The standard upgrade for pickups is Seymour Duncan. There are others, which are mostly about getting a more "high-performance" sound, and are American. As is Seymour Duncan. Dylan Talks Tone - who is an American pickup maker - said we should a) buy his, or b) support our local pickup maker. So off to Google I went, looking for UK pickup makers. There are more than I thought there would be. They have well put-together websites and descriptions of their products. Also very similar prices, none of which are too far from Seymour Duncan's. Guitar reddit had no firm views, so I went someone from the top of the search list who offered some "vintage" voiced pickups.
This was Jamie at Creamery Pickups. I sent him a mail with a photo of the Paranormal and an explanation of what I wanted, and my guess that what I needed was his Classic 58 Jazzmaster neck and the Vintage Nocaster bridge pickups. A couple of mails later, I put in an order on his website, sent the money and sat back for the four-five weeks it takes. (All of them gave that kind of lead time.) Right on time Jamie sent them by mail, and I hustled them and the Paranormal into the guys at Richmond Guitar Workshop (no website, only Facebook page). They fitted the pickups and gave the Paranormal, a clean-up, re-string and fitted a better selector switch and cable socket.
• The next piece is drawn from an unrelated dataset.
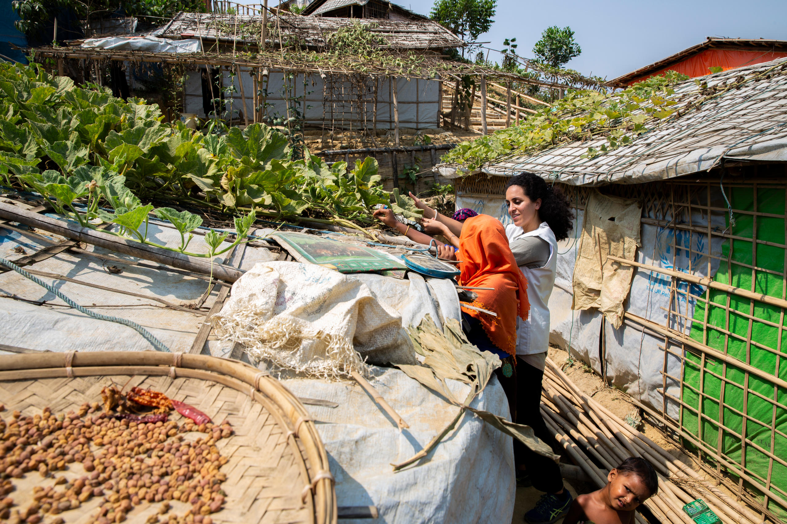 Bisher haben sie von den Grundnahrungsmitteln Reis, Linsen und Öl gelebt, die seit Ankunft der Rohingya hier verteilt werden. Und sie können ihr Gemüse auf dem Markt verkaufen, was ihnen ein kleines Einkommen gibt, mit dem sie zum Beispiel Fisch oder Fleisch kaufen können.

Did it make a difference? Oh hell yeah. Jamie's pickups are rich and full, as in... oh so that's what a Jazzmaster neck pickup is supposed to sound like and ah, a Tele bridge that sounds clear but not twangy. Turn up the treble on the Jazzmaster neck and it reveals a complicated sound, put the treble near the middle and it's clear and full. I can crank the volume up and run it into the Princeton at about 3.5 and get a satisfying bedroom-volume sound. It's now a "proper-sounding" instrument, rather than a cheap (it is a Squier) curiosity.